Why This List Exists
Every SharePoint 2016 and 2019 to SharePoint Online migration we have run or reviewed hits at least three of the following fifteen failure modes. The ones that become project-breaking are always the ones that were not anticipated in assessment.
This article is the failure-mode reference that pairs with the migration checklist and the July 14, 2026 end-of-support pillar decision guide.
Each failure mode below has three parts: what it looks like, why it happens, and what to do about it.
1. Skipping the Pilot Wave
What it looks like: Mid-way through the production-wave schedule, thousands of users hit permission errors, missing search results, or broken workflows. Root cause analysis takes 3 to 5 days per issue while business operations degrade.
Why it happens: Deadline pressure. Teams compress the pilot from 2 to 3 weeks to a single weekend to make room for production waves.
Countermeasure: Protect the pilot as the most important 2 to 3 weeks of the project. Pilot one department with 30 to 100 users, mixed content types, at least one executive, at least one power user, at least one regulated-content scenario. Sign off the pilot formally with executive sponsor approval before proceeding to production waves.
2. Broken Permission Inheritance Carried Forward
What it looks like: Post-migration, users see missing-document tickets for weeks. The IT team chases ghost-permission issues one at a time.

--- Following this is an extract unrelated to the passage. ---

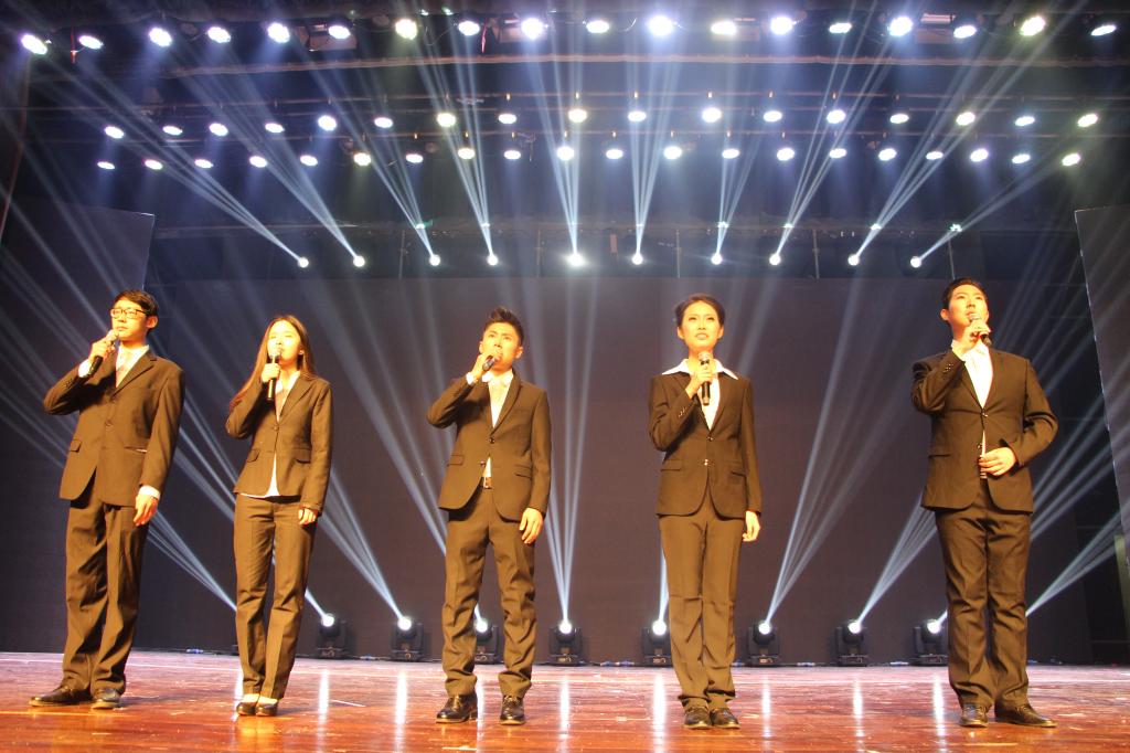 随后,讲授国际金融学课程的男老师王鹏用难辨真伪的女声演唱了《幽灵公主》和《城里的月光》。2014级国际经济与贸易加英语专业的郑纯婷惊叹道:“鹏鹏老师的女声居然比我的声音还要细!”中国好歌曲羽泉战队八强歌手张毅作为特邀嘉宾,倾情献唱原创歌曲《树叶》。随着歌声响起,全场观众情不自禁挥舞起手中的荧光棒。最后,晚会在3044永利集团登录党委副书记张丽娜、学生工作办公室老师郭田田、肖朋以及3044永利集团登录四大学生组织主席团成员带来的舞蹈串烧中落下帷幕。

Why it happens: Source farms often have years of broken-inheritance and direct-user grants that migration tools replicate literally. On SharePoint Online, the tangled permission state is even harder to reason about than on-prem.
Countermeasure: Redesign permissions during migration. Map every source permission to an Azure AD security group. Fix broken inheritance in the destination, not the source.
3. Skipping ROT (Redundant, Obsolete, Trivial) Cleanup
What it looks like: Migration takes 30 to 40 percent longer than estimated. Post-migration, the destination tenant has all the same clutter as the source, plus new orphaned sites from the migration process.
Why it happens: Teams treat cleanup as optional or assume they will clean up after migration. Post-migration cleanup almost never happens — the team moves on to the next project.
Countermeasure: Invest 2 to 4 weeks in ROT cleanup before migration. Delete sites with no activity in 24 months (preserving legal holds), remove duplicate files, purge My Sites of ex-employees, and re-run the inventory on a clean baseline before tooling runs.
4. SharePoint Designer 2013 Workflows Not Rebuilt
What it looks like: Post-cutover, every workflow-dependent business process is broken. Document approvals stall. New-hire onboarding halts. Finance approval chains fail.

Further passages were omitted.